Financial news
- Growth in Internet customer base continues in the third quarter (+7.3% YoY)
- Revenue of EUR 317.7 million in the first nine months of 2025 (-2.2% YoY), driven by a strong revenue increase in the Internet and telephony segment to EUR 175.3 million
- Normalised EBITDA -5.4% to EUR 133.9 million in the first nine months of 2025 driven by difficult market environment in the TV sector
- Reported EBITDA +1.9% to EUR 107.5 million in the first nine months of 2025 due to lower one-off expenses related to restructuring
Berlin, November 26, 2025. Tele Columbus AG, one of Germany’s leading fiber optic network operators, today published its results for the third quarter and thus for the first nine months of the 2025 financial year.
In a highly competitive broadband market, Tele Columbus was the only major provider in Germany to record further growth in the Internet sector in the third quarter of 2025. The 730k Internet customers (+7.3% YoY) formed the basis for another increase in revenue in the Internet and telephony segment, which amounted to EUR 59.2 million (+10.6% YoY) in the third quarter of 2025. Demand for higher bandwidths remained strong: around 50% of PŸUR’s new Internet customers also opted for tariffs with bandwidths of 500 Mbit/s or faster in the third quarter.

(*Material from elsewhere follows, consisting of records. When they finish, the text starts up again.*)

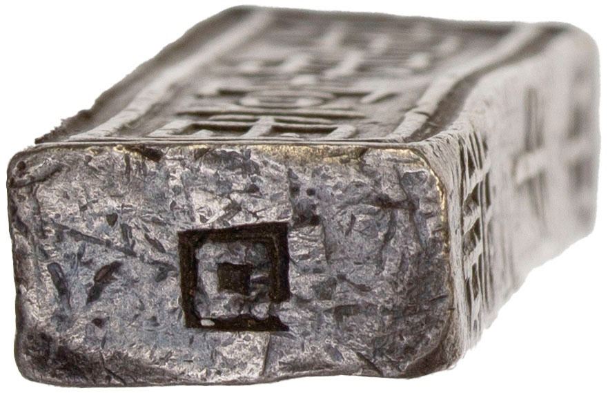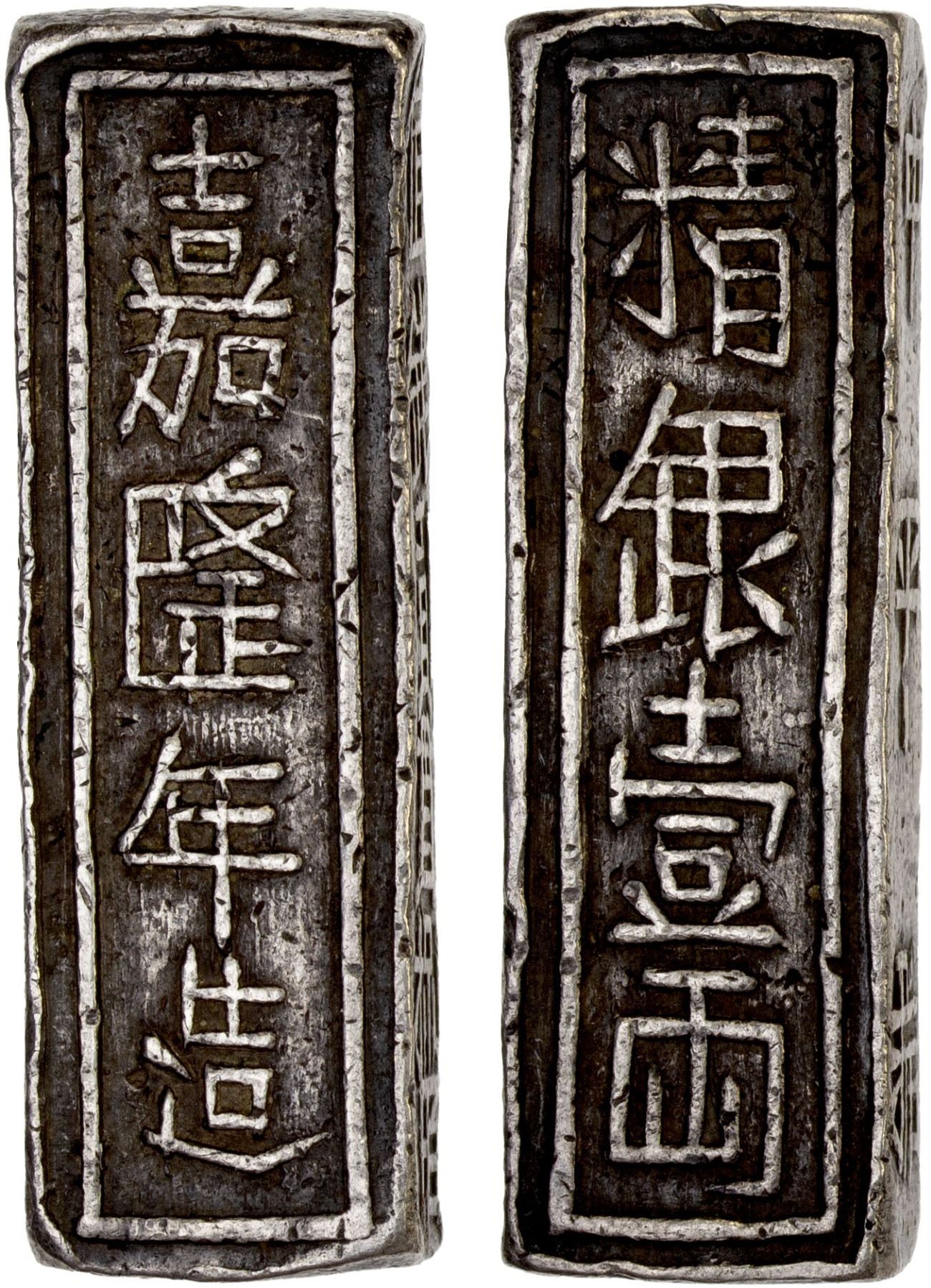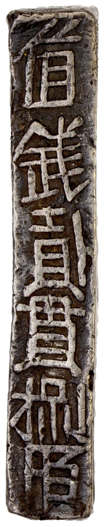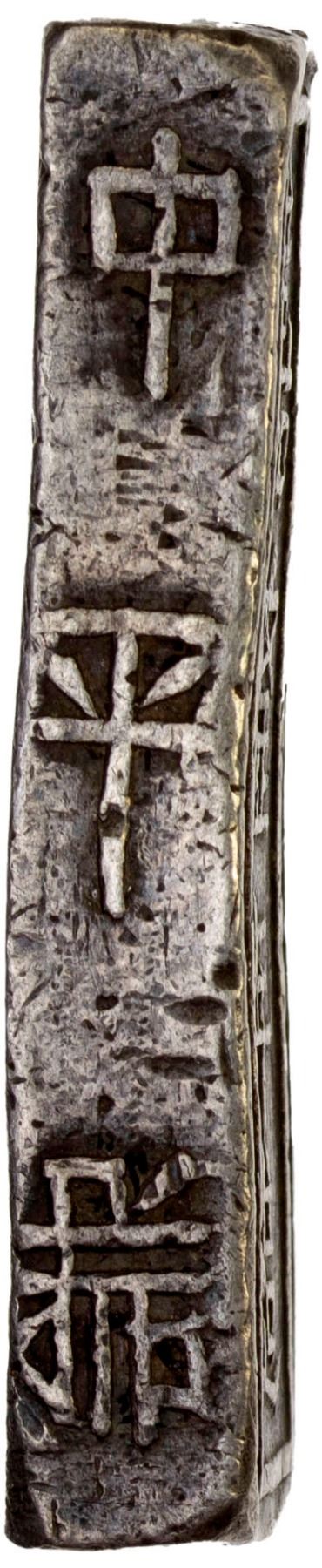 VIETNAM / VIET NAM (NGUYEN DYNASTY): Bullion Series, AR lang (38.61g), KM-118, in Hán Nôm characters, gia long nien tao ("made in the Gia Long era") // tinh ngan nhat lang ("pure silver one lang [liang]"), trung binh hieu ("Trung Binh scale") on left edge and tri tien nhi quan bat mach ("worth two strings and 800 [cash]") on right edge, crude calligraphy, slightly wavy flan, VF-XF. This type was made with many different dies until the early 20th century as a popular form of bullion for use in Indochina.
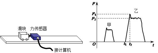 (1)由图乙知:在t1~ t2这段时间内,滑块的运动状态是?(填“运动”或“静止”),滑块受到的最大静摩擦力为?(填“F1”或“F2”)。
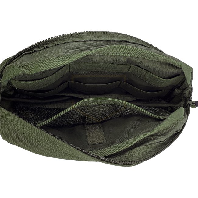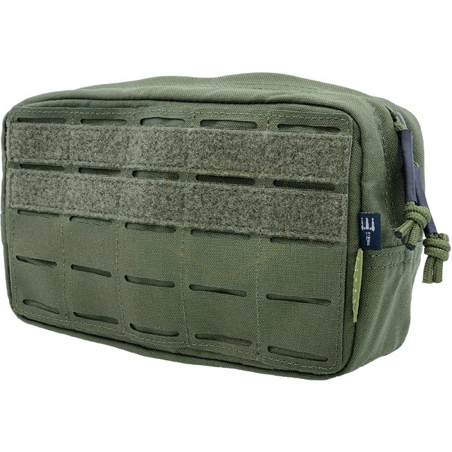 La pochette utilitaire horizontale moyenne Pitchfork - Ranger Vert dispose d'un système MOLLE, de bandes Velcro pour écussons, de boucles élastiques, et d'une poche en filet avec division Velcro. Fermeture éclair YKK durable avec languettes recouvertes de

More than a year after cable TV fees were removed from ancillary rental costs, the development of the customer base in the TV sector remains challenging. The total number of TV households in the third quarter of 2025 decreased year-on-year to 1.06 million (-4.9% YoY).
Revenue development remained at approximately the same level as the previous year (-2.2% YoY) at EUR 317.7 million in a nine-month comparison. The decline in TV revenue was partially offset by a renewed increase in revenue from Internet and telephony customers in the reporting period.
Normalised EBITDA declined by -5.4% to EUR 133.9 million in the nine-month comparison due to lower revenues still driven by the effects of the TV bulk migration. Reported EBITDA increased from EUR 105.4 million to EUR 107.5 million (+1.9%) compared to the first nine months of 2024, as one-off expenses were lower due to the restructuring measures implemented.